Capítulo 52: La Marea Arrolladora de Enemigos
En la zona costera cercana, el estruendo de los cañonazos no cesaba. Las 135 naves blindadas de acero disparaban a plena potencia, y en las cubiertas de cada una se apilaban enormes cantidades de cajas de munición metálica.
Tanto la Alianza del Sur como la del Este habían dado órdenes terminantes a sus capitanes: al llegar al continente occidental, podían disparar los proyectiles sin preocuparse por el desgaste.
Antes de partir, los altos mandos de ambas alianzas se reunieron en secreto con sus capitanes y les asignaron cuotas de consumo de proyectiles. Si no alcanzaban la cuota establecida, al final del año les descontarían el subsidio salarial.
La razón era que las relaciones entre las dos alianzas se habían deteriorado constantemente en los últimos años. Si estallaba una guerra entre ambas, la zona marítima en el punto de fricción se convertiría de inmediato en un campo de batalla naval, consumiendo enormes cantidades de proyectiles.
Sin embargo, después de tantos años, aparte de mutuas condenas, nunca había ocurrido un conflicto real. Se había acumulado una montaña de proyectiles que no se usaban, y ni siquiera se podían vender. Los pequeños países independientes en las islas de los mares circundantes tenían prohibido construir o poseer naves blindadas de acero.
Esta era la oportunidad de deshacerse de esos proyectiles. Después de la guerra, todas las pérdidas de armas y suministros serían repartidas entre la Alianza del Sur, la Alianza del Este, la Institución de Acogida y la Organización Eclipse.

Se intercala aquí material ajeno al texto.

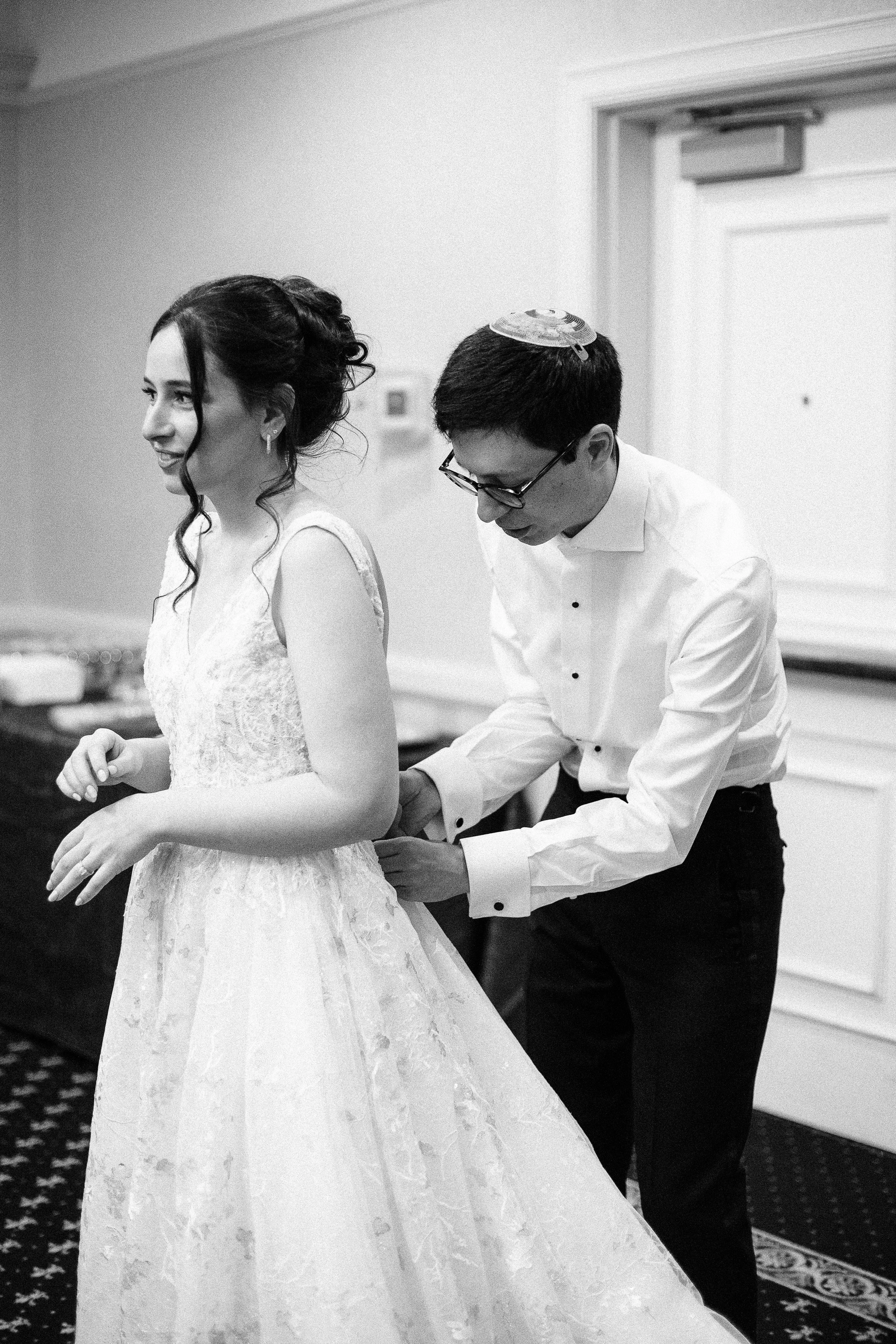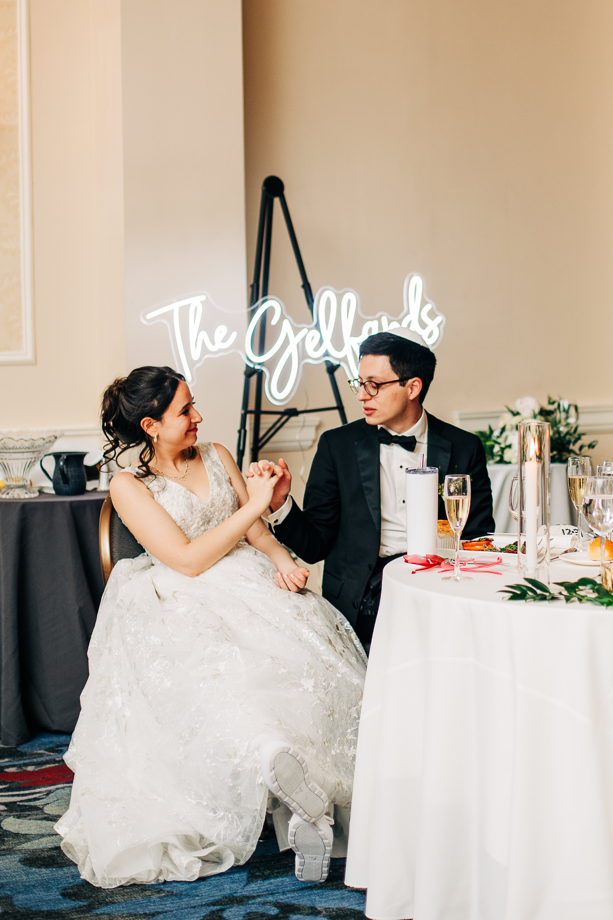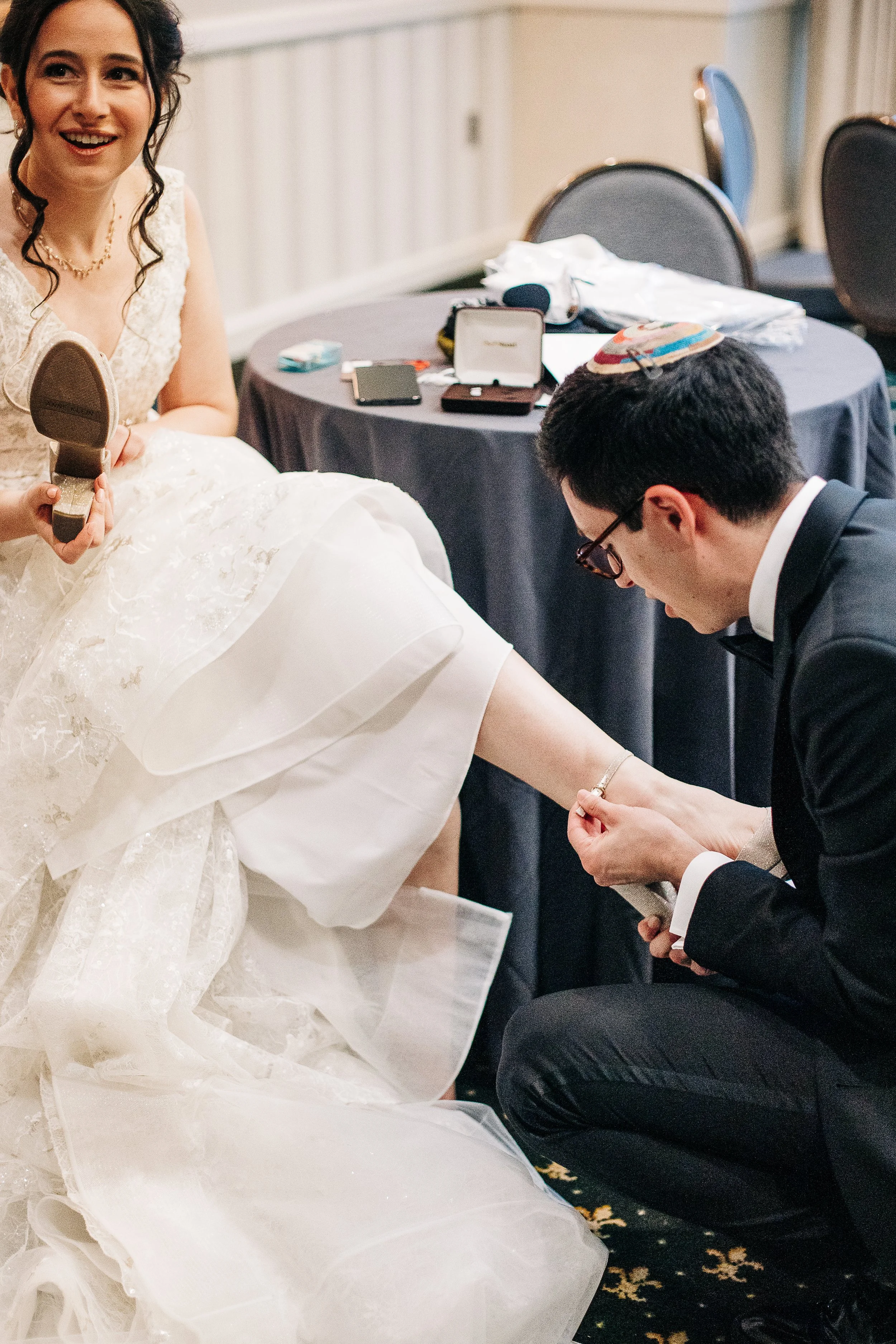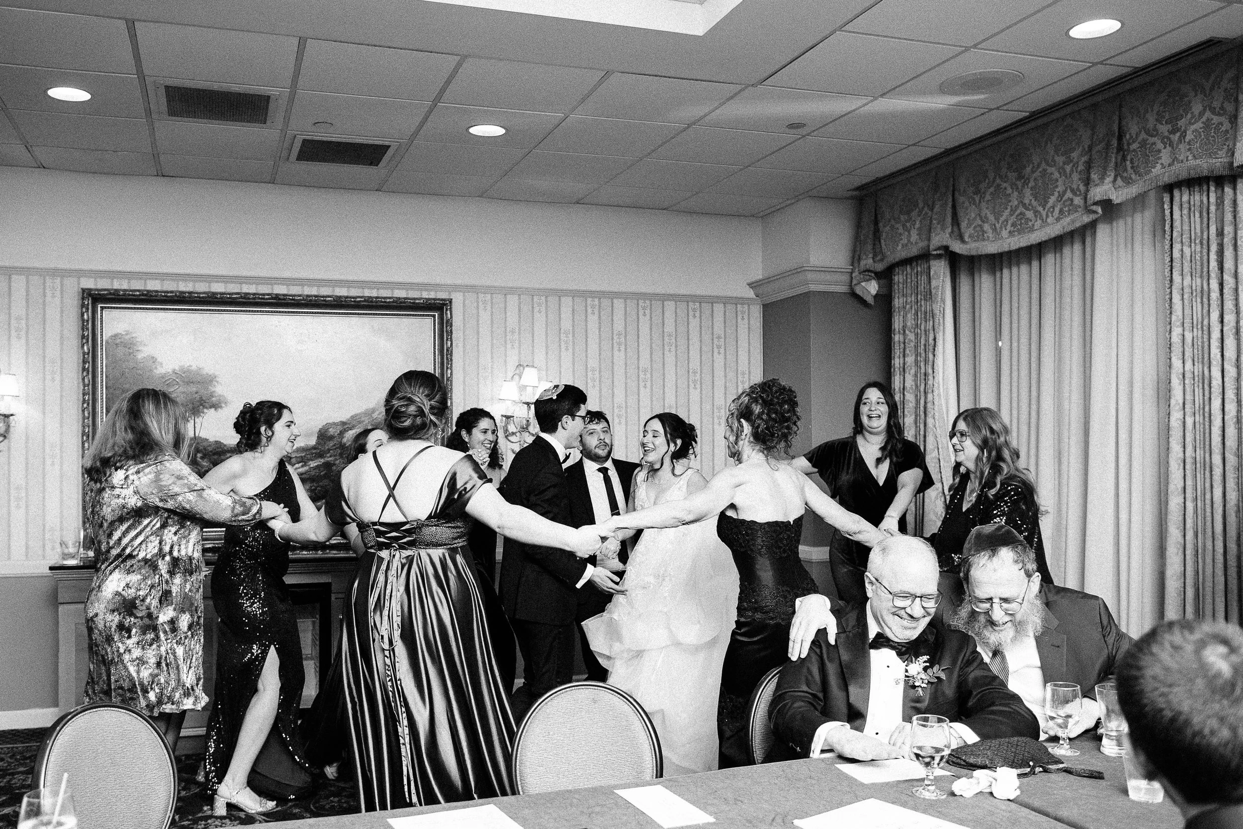 Maddie and Jon also chose to highlight so many meaningful Jewish traditions throughout their day.. In addition to signing the ketubah during their marriage ceremony, they gathered a close group of loved ones before the ceremony itself to sign their marriage documents while everyone sang together. It was one of the most joyful and personal moments of the day, and it set the tone beautifully. Instead of the usual cocktail hour after the ceremony, they opted for a smorgasbord before. It gave guests a chance to eat, mingle, and celebrate early, and it created an energy that carried naturally into the ceremony.

En otras palabras, para ambas alianzas, después de años fabricando proyectiles, por fin veían la posibilidad de recuperar la inversión. ¿Cómo no iban a poner los ojos en blanco? ¡Fuego, fuego a morir! Donde apunte el Comandante Noche Blanca, ahí disparan.

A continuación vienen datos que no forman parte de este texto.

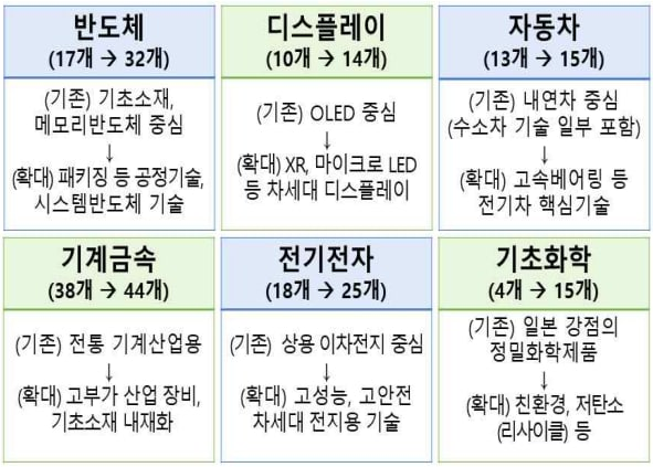 100대 핵심전략기술을 150개로 확대 개편합니다. 추가된 신기술은 아래와 같습니다.
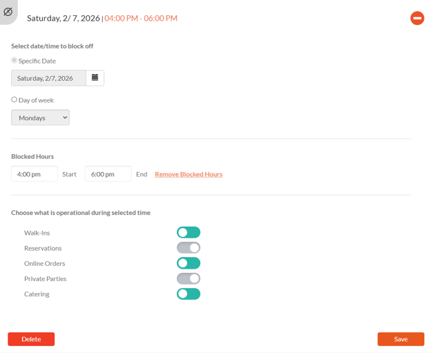 Use this option if certain hours are regularly unavailable on a specific day (for example, no reservations every Monday from 4–6 PM).
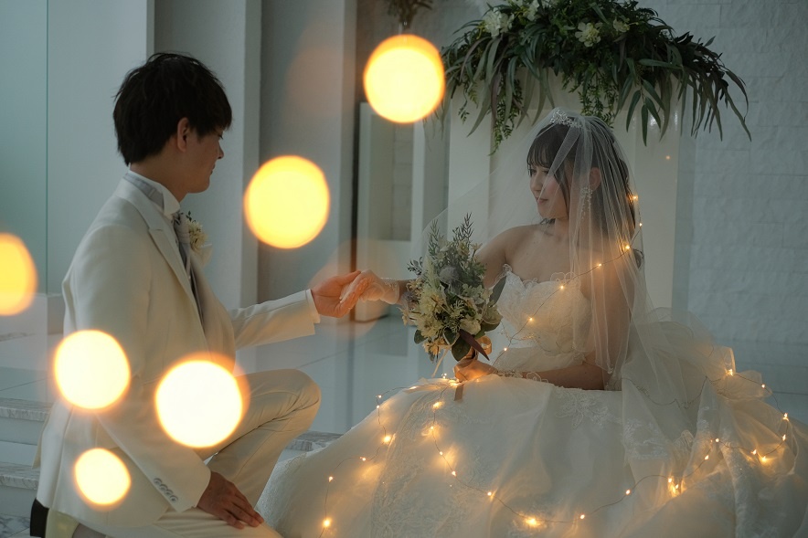 照明の色やグッズを使用すれば画像のように幻想的でロマンチックな雰囲気のお写真を残すことができます♡
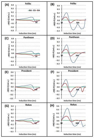 Differential curves of the ΔW(J-I) and ΔW(I-P) (obtained by subtracting the control curve (non-acclimated plants—NA)) of oilseed rape. Plants not acclimated (NA), cold acclimated (CA) and deacclimated (DA). (A,B) cultivar Feliks; (C,D) cultivar Pantheon; (E,F) cultivar President; (G,H) cultivar Rokas.
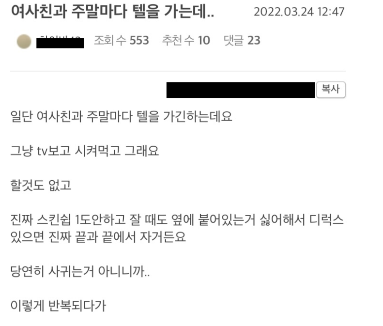 최근 한 온라인 커뮤니티에 글을 게시한 남성 A 씨는 자신의 여사친과 매주 주말마다 모텔에 간다고 사연을 써내려 갔다.
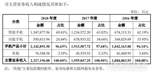 招股书显示,2016至2018年,传音的智能手机销量由1661万台增长至3406万台,智能手机的销售金额由67.41亿元增长至154.79亿元;功能机的销量由5896万台增长至9022万台,销售金额由36.8亿元增长至59.5亿元。功能机销量几乎是智能机的三倍。
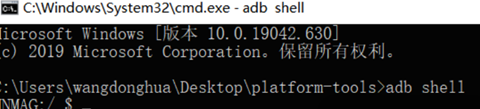 1)在控制台输入‘adb shell’,回车,确保手机与电脑连接成功
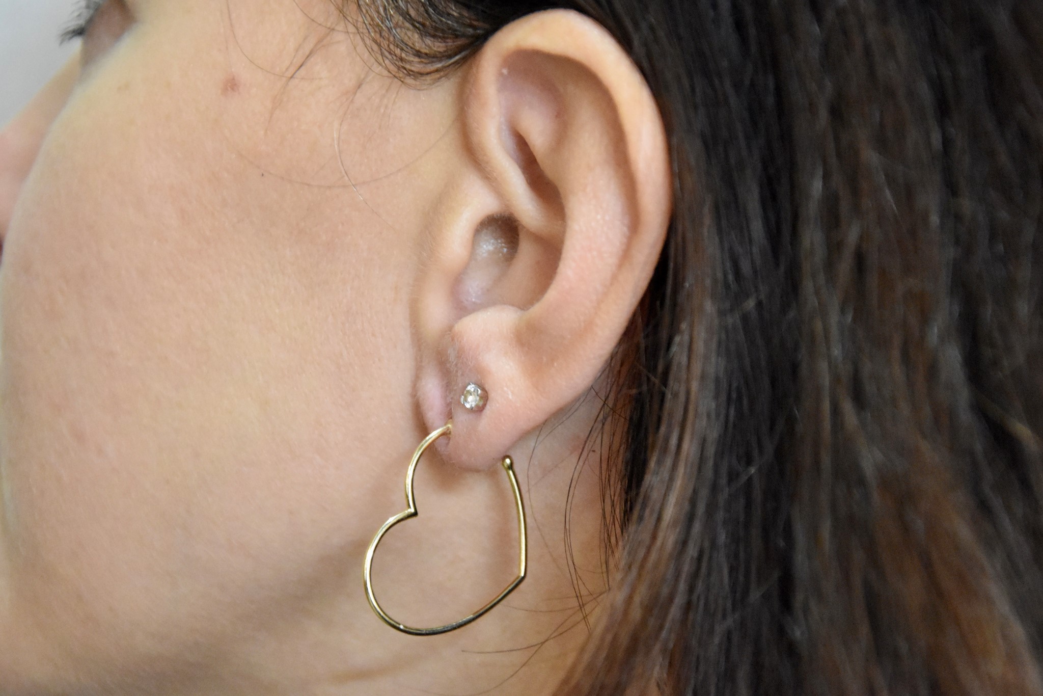 Orecchini in oro giallo 750/00 a forma di cuore del diametro di 3cm. Peso orecchini 2,80g.
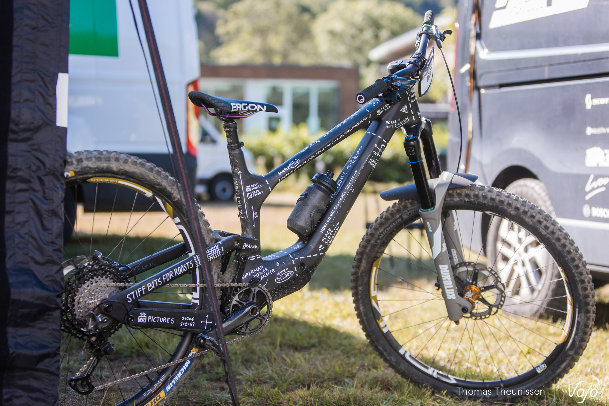 Rappelons aussi que le team avait déjà expérimenté un prototype composé d’un cadre de Gambler transformé en enduro lors de la saison 2021 des feu EWS. « Cet essai avait été couronné de succès sur les spéciales, mais c’était un mauvais pédaleur ! En 2022, on est donc reparti sur base du Ransom que l’on a équipé d’un Rocker Link modifié », continue Clément. On se souviendra que Patrick Lüthi, ingénieur de la marque et pilote d’enduro, s’était notamment imposé au général du championnat national suisse d’enduro à son guidon.
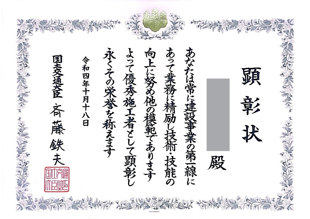 – 建設マスター表彰状 –

Ante esto, el departamento financiero de la Institución de Acogida, es decir, la Señora Hulin, buscó a Su Xiao antes de que partiera. En resumen, le dijo que las finanzas estaban ajustadas y que, si no era necesario, evitara en lo posible un bombardeo de barrido total.

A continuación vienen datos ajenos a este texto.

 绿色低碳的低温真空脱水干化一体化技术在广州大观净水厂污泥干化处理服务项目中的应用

Su Xiao aceptó de manera tajante, pero la mirada lastimera de la Señora Hulin al irse indicaba que ya se imaginaba el resultado.
No solo la Señora Hulin, también la Alianza Comercial de la Organización Eclipse se acercó, diciendo: "Señor Comandante del Cuerpo, usemos menos proyectiles. Esa cosa no tiene buen poder y además hace mucho ruido."
Su Xiao respondió igual que antes: "Mm, en lo posible."
Cuando los de la Alianza Comercial se fueron, sus miradas parecían las de alguien a quien le hubieran extirpado un riñón.
A unos diez metros frente a Su Xiao, el cañón principal del navío se disparó. Tenía un calibre de 273 mm y una longitud de cañón 46.75 veces el calibre. Sin considerar la temperatura del cañón, podía disparar 3 proyectiles por minuto, y con una tripulación bien coordinada, hasta 4 por minuto.
Eso solo era el cañón principal. La nave blindada también llevaba 4 cañones secundarios y un "cañón de defensa naval Micheno", que disparaba entre 400 y 570 proyectiles de ala pequeña por minuto. En realidad, eran balas de gran tamaño que formaban una cortina de fuego para interceptar los proyectiles enemigos.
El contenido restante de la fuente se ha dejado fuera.